The Danish pathology data Bank (DPDB)

The DPDB contains nationwide records of all pathology specimens analyzed in Denmark since 1997 [26]. Cytology and histology samples were retrieved using the Systemized Nomenclature of Medicine (SNOMED) code of cervix uteri and uterus: T8x2*, T8x3*, T82* and T83*.

Cytology and HPV testing

Cervical samples were collected using the combi brush (Rovers, Oss, The Netherlands) in SurePath liquid based cytology media (BD Diagnostics, Durham, NC, US) and analyzed at the Department of Pathology, Copenhagen University Hospital, Hvidovre. The Bethesda 2001 system was used to report the cytology results [27]. Samples were classified as normal, atypical cells of undetermined significance (ASCUS), low-grade squamous intraepithelial lesions (LSIL), or high-grade squamous intraepithelial lesions (HSIL) (including atypical squamous cells - cannot exclude HSIL (ASC-H), atypical glandular cells and adenocarcinoma in situ), squamous cell-and adenocarcinoma. Histology reports of CIN grade 1 (CIN1), CIN grade 2 (CIN2), CIN grade 3 (CIN3) and CC were based on biopsies. Cytology and histology results were presented as the worst cytology/histology result diagnosed concurrent with or after a positive hrHPV test.

Cervical samples for HPV testing were collected using flocked swabs (UTM-RT viral transport media Flocked Polyester Swabs, Copan Diagnostics, Inc., Murrieta, CA). All samples were stored at room temperature and examined by the CLART HPV2 assay (Genomica, Madrid, Spain) at the Department of Pathology, Copenhagen University Hospital, Hvidovre. PCR amplification of genotype specific HPV L1 fragments from 35 individual HPV genotypes was performed; of these 13 were hrHPV genotypes: HPV16, 18, 31, 33, 35, 39, 45, 51, 52, 56, 58, 59, and 68 [28].

Definition of type-specific persistence versus clearance

Type-specific persistence was defined as positivity of the same hrHPV type in two separate cervical samples having been taken at least 1 year and at most 2 years after the date the patient was first hrHPV positive. Clearance was defined as having one or more negative results after a hrHPV positive sample [29]. WLWH with type-specific persistence of one genotype and clearance of another were reported as having persistent HPV infection.

Statistical analysis

Continuous variables were summarized as median and interquartile ranges (IQR) and compared using the Wilcoxon rank sum test. Categorical variables were reported as counts and percentages and compared using the chi-square test or Fisher’s exact test, where appropriate. Univariate and multiple logistic regression analyses were used to identify predictors of persistent hrHPV, ASCUS or worse (≥ASCUS), LSIL or worse (≥LSIL), and HSIL or worse (≥HSIL) expressed as odds ratios (OR) and 95% confidence intervals (CI). We chose six candidate predictor variables a priori due to current knowledge on risk factors of HPV infection [13, 30, 31]; age (18–34 vs. ≥ 35 years), race (White, Asian, and Black), duration of ART (years on ART), AIDS prior to inclusion, smoking status (never smoker vs. current smoker/ex-smoker) and latest CD4 count when first hrHPV positive (< 350 and ≥ 350 cells/μL). Predictors of ≥ASCUS, ≥LSIL, and ≥ HSIL were estimated by including the aforementioned variables and additionally persistent hrHPV infection. Since duration of ART, prior AIDS and the CD4 count are dependent covariates, two models were used: 1) a model where all variables but the latest CD4 count was included and 2) a model where duration of ART and prior AIDS were replaced by latest CD4. From the second model only, the OR of the CD4 count was presented.

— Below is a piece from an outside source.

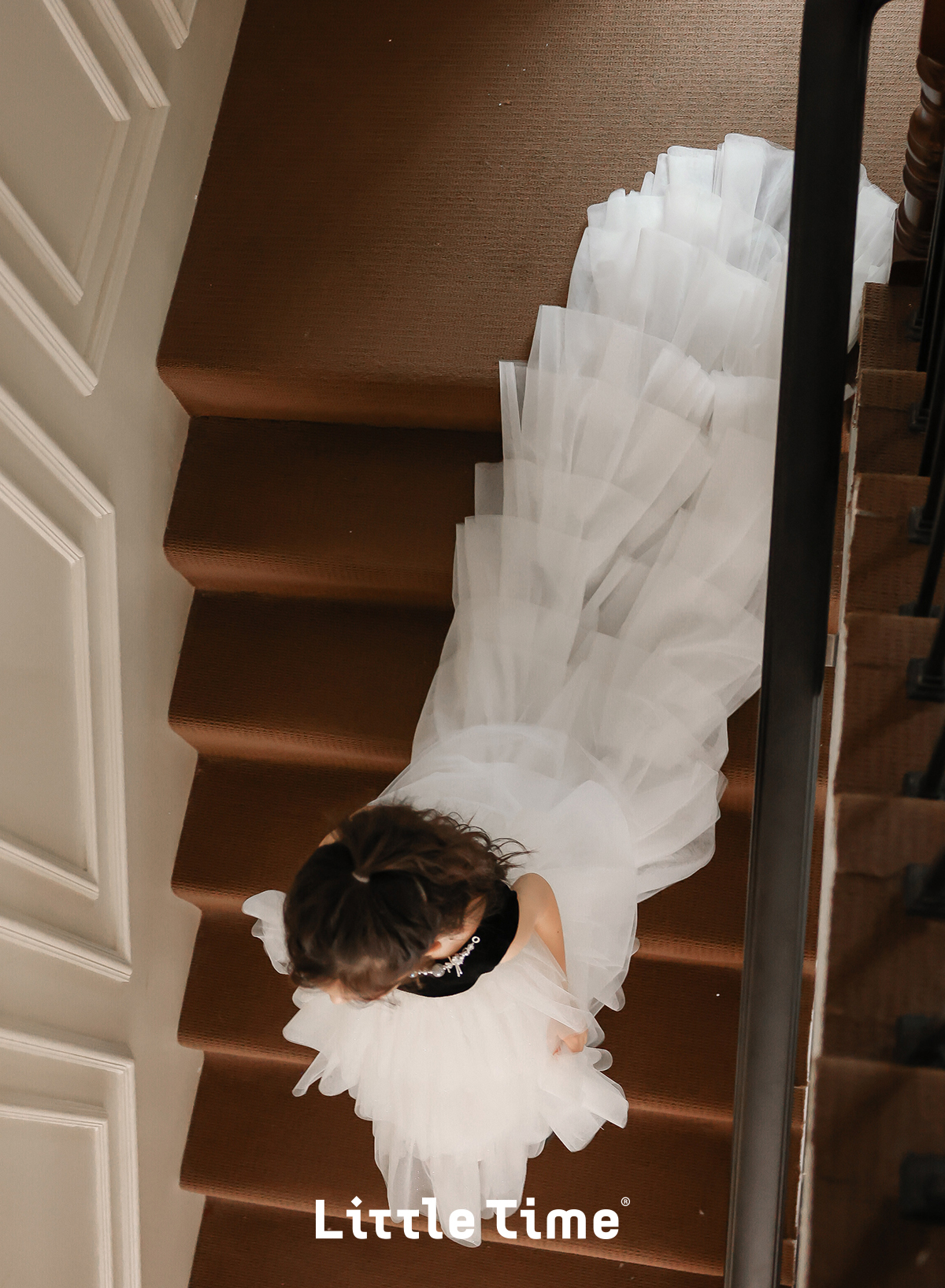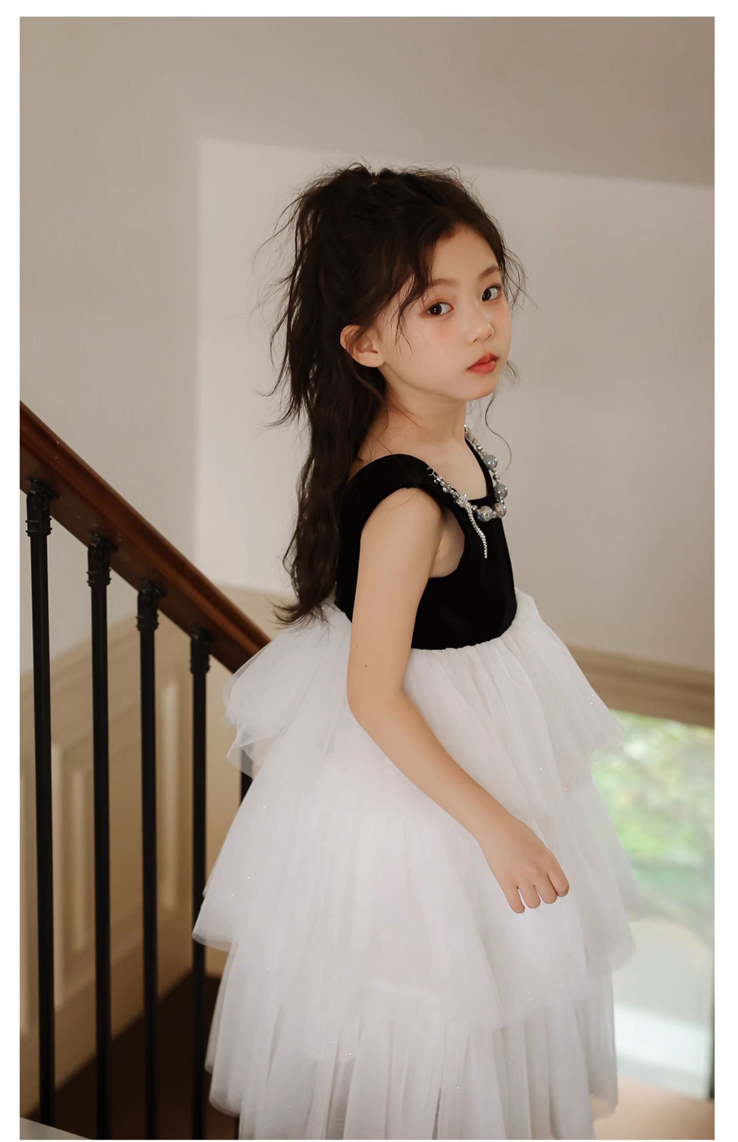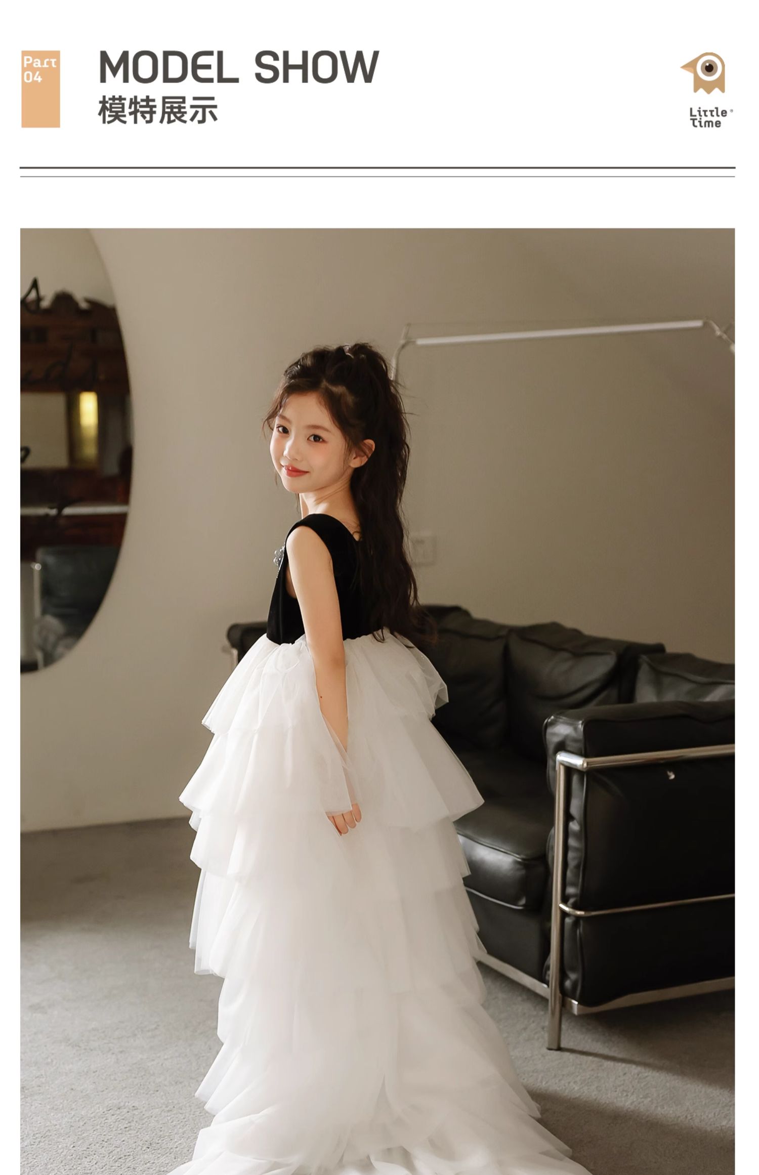 Littletime女童黑色长拖尾礼服套装裙2025新款夏装女孩赫本魔术珠

In all analyses p-values < 0.05 (two-tailed) were considered significant. For category variables with more than two outcome categories (df > 1), we controlled for repeated testing by estimating the combined p-value. We excluded individuals with missing explanatory values from the multiple regression analyses. The validity of the model was tested using the Hosmer and Lemeshow Goodness-of-Fit Test. SAS statistical software version 9.4 (SAS Institute Inc., Cary, NC, USA) was used for data analysis.

Results

Overall, 334 WLWH were included in the overall SHADE study, and of these, 252 (75.5%), 245 (73.4%) and 234 (70.1%), respectively, participated at the subsequent visits at 6, 12 and 24 months after inclusion (Fig. 1). During follow-up, 96 WLWH (28.7%) presented with at least one hrHPV-positive test through the course of three visits. Of these, 25 WLWH (26.0%) had an indeterminable course of HPV infection either if no follow-up tests were performed or censored at time of conization (none were hysterectomized). In total, 71 WLWH were included in this analysis (Fig. 1).

Fig. 1
figure1

Flowchart of inclusion, follow-up and course of hrHPV infection. WLWH = Women living with HIV. SHADE = Study on HIV, cervical Abnormalities and infections in women in Denmark. hrHPV = High-risk human papillomavirus

Of the 71 included WLWH, 31 (43.7%) had persistent hrHPV infection (Fig. 1). Table 1 shows baseline characteristics of WLWH with persistent and cleared hrHPV infection. Median age was 42.5 (IQR 33.8–49.5) years. The majority of WLWH (96.7 and 83.8%) were sexually infected with HIV and were on ART with HIV-RNA < 40 copies/mL (80.8 and 72.7%). More WLWH in the hrHPV persistence group had a CD4 count< 350 cells/μL (40.7% vs. 15.2%, p = 0.03) (Table 1).

Table 1 Characteristics of study participants with persistenta and clearedb high-risk (hr) human papillomavirus (HPV) infection during the study period 2011–2014 (n = 71)

Multiple (≥2) hrHPV infections were present in 23 of 71 women at inclusion (32.4%). Predominant hrHPV genotypes were HPV58 (n = 20; 28.1%), 52 (n = 14; 19.7%), 51 (n = 13; 18.3%) and 35 (n = 13; 18.3%). HrHPV genotypes most likely to persist were HPV52, 33 and 31 (78.6, 42.9, and 40.0%) (Table 2). One woman was vaccinated against HPV (name of vaccine unknown) (Table 1) and had persistent HPV35.

Table 2 Distribution of persistenta and clearedb high-risk (hr) human papillomavirus (HPV) infections in 71 included WLWH

Predictor of HPV persistence was CD4 < 350 cells/μL (adjusted OR 4.36 (95%CI: 1.18–16.04), Table 3). Predictor of concurrent cytology findings of ≥ASCUS and ≥ LSIL was short duration of ART (≥ASCUS: adjusted OR 0.85 (95%CI: 0.74–0.99), Table 4 and Additional file 2, ≥LSIL: adjusted OR 0.83 (95%CI: 0.71–0.97), Table 4 and Additional file 3). Despite low numbers, ≥HSIL was predicted by prior AIDS (adjusted OR 8.55 (95%CI 1.21–60.28), Table 4 and Additional file 4). Due to a limited number of events predictors of CIN were not estimated. There was no significant difference between the HPV persistence and the HPV clearance group and their cytological and histological outcomes.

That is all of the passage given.